Obama, she said, did so in the 2008 and 2012 presidential elections “by winning over many white working class voters and others that we don’t always think of as part of the ‘Obama Coalition’.”
He couldn’t repeat it in the meantime, but he’s not the president this time. Smith and Axelrod said this means Obama can more deftly position himself above the fray to defend Democratic achievements, given the specifics of the Inflation Reduction Act to the COVID-19 pandemic aid package that many Democrats have avoided touting because Republicans blame inflation. Smith said Obama can remind voters of years of Republican attacks on his 2010 health care bill that now appears to be a permanent and widely accepted part. of the US health insurance market.
These policy arguments aside, Sellers noted that as the first black president, Obama “mainly connects with black and brown voters,” a bond that was evident in the opening days of his itinerary.
The Atlanta meeting will bring Obama together with Warnock as the first black US senator in Georgia history, and Abrams, who aims to become the first black female governor in US history.

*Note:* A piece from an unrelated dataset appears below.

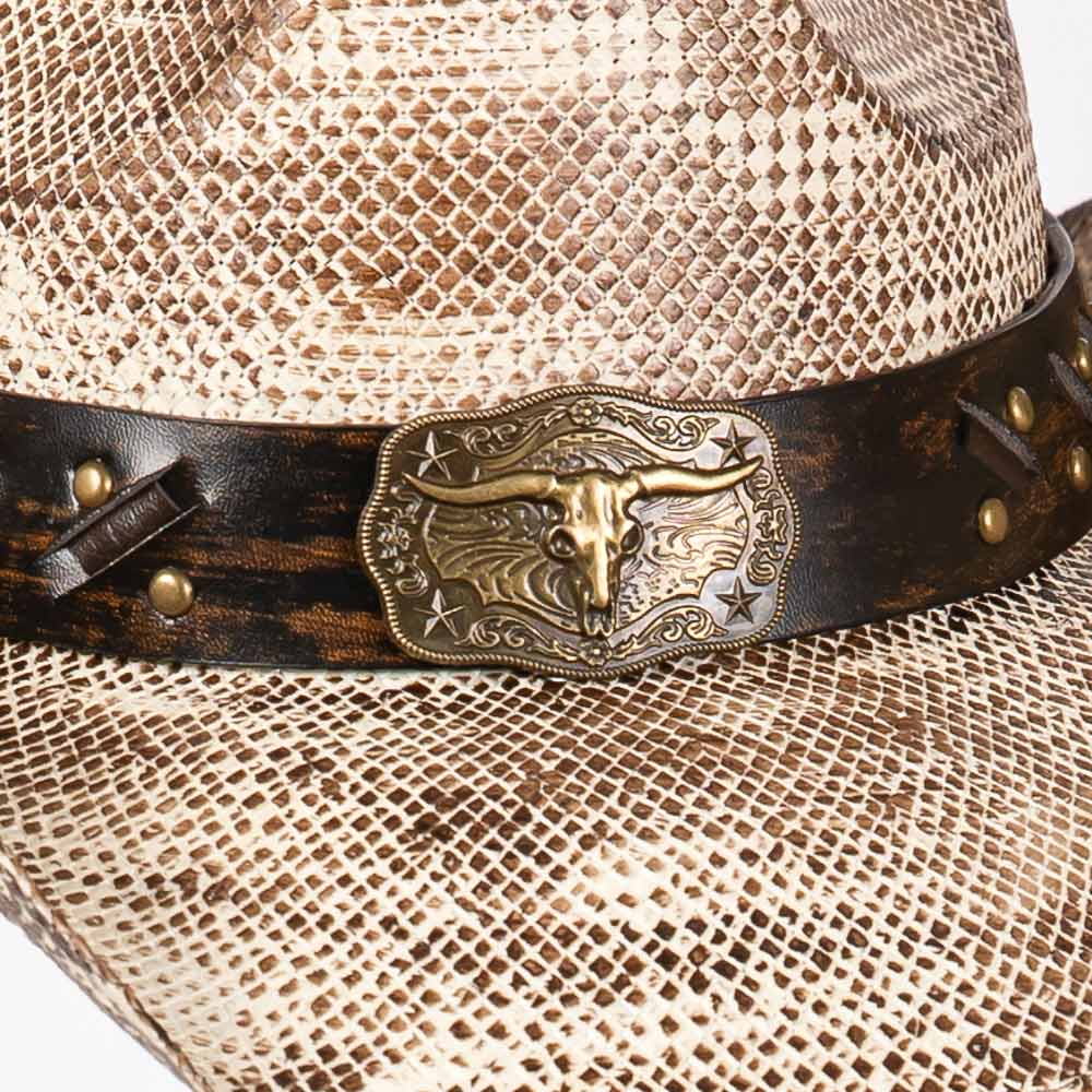 Vintage Cowboy Hat with Western Bull and Stud Faux Leather Band

In Michigan, Obama will campaign in Detroit with Governor Gretchen Whitmer, who is being challenged by Republican Tudor Dixon, and in Wisconsin, he will be in Milwaukee with Senate candidate Mandela Barnes, who is trying to oust Republican Senator Ron Johnson. The state’s black population is most concentrated in each city. Obama’s swing in Pennsylvania will include Philadelphia, another city where Democrats must get a strong turnout of black voters to win competitive races for the Senate and governor.
With the Senate now split 50-50 between the two major parties and Vice President Kamala Harris giving the Democrats the casting vote, any Senate contest can ultimately decide which party controls the chamber for the next two years. Among the Senate’s tightest battlefields, Georgia, Wisconsin and Pennsylvania, there are three where the rise of blacks can most determine Democratic fate.

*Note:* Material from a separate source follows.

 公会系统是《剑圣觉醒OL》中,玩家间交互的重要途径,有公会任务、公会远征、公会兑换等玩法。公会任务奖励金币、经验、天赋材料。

Plans are in the works for Obama and Biden to campaign together in Pennsylvania, although neither the White House nor Obama’s office has confirmed details.

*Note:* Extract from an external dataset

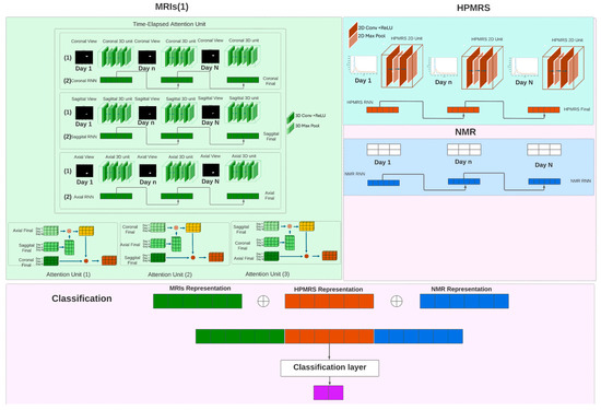 As shown in Figure 2, our model is composed of four parts to handle different modalities. The first part, the MRIs processing unit, includes the MRIs encoder and the time-elapsed attention unit. The HPMRS images are processed by a unique module called the HPMRS processing unit, which consists of the HPMRS encoder and a recurrent neuron network (RNN). The remaining NMR information is processed using another RNN. The final part of the model, the classifier, combines all the representations from each unit to make its prediction. We provide more details about the model in Table 2.

A wider embrace for Obama is a turning point from his two midterm elections. But it’s at least partly a rite of passage for former presidents. “Most of them — maybe not President Trump, but most of them — are viewed more favorably after they leave office,” Axelrod said.
Notably, during the Obama presidency, former President Bill Clinton was the in-demand surrogate heavyweight, especially for moderates trying to survive Republican peaks in 2010 and 2014. Clinton was a pivotal voice in Obama’s 2012 reelection effort, with Obama making him the “secretary of explaining things” after Clinton’s overwhelming support speech at the Democratic convention when Obama was locked in a tight battle with Republican Mitt Romney.
“Bill Clinton was the MVP for us in 2012,” said Axelrod.
Now Clinton is two decades away from the White House, and the #MeToo movement has forced some people to reevaluate its history of sexual misconduct allegations.
“It’s always been difficult to bring in National Democrats during an interim period, and it doesn’t help if they bring a lot of baggage,” Smith said of Clinton.
Axelrod was more cautious and simply said, “It’s a different time.”
But he said Obama and Clinton have a similar approach.
“What Clinton and Obama share is a kind of unique ability to get around complicated political arguments of the time, just talk in common sense,” Axelrod said. “They are storytellers. I think you’ll see that again when he gets there.’
Learn more about the issues and factors involved in the 2022 midterm elections at https://apnews.com/hub/explaining-the-elections. And follow the AP’s election coverage at https://apnews.com/hub/2022-midterm-elections.
This story has been corrected to show that Abrams, not Kemp, is trying to relieve the governor.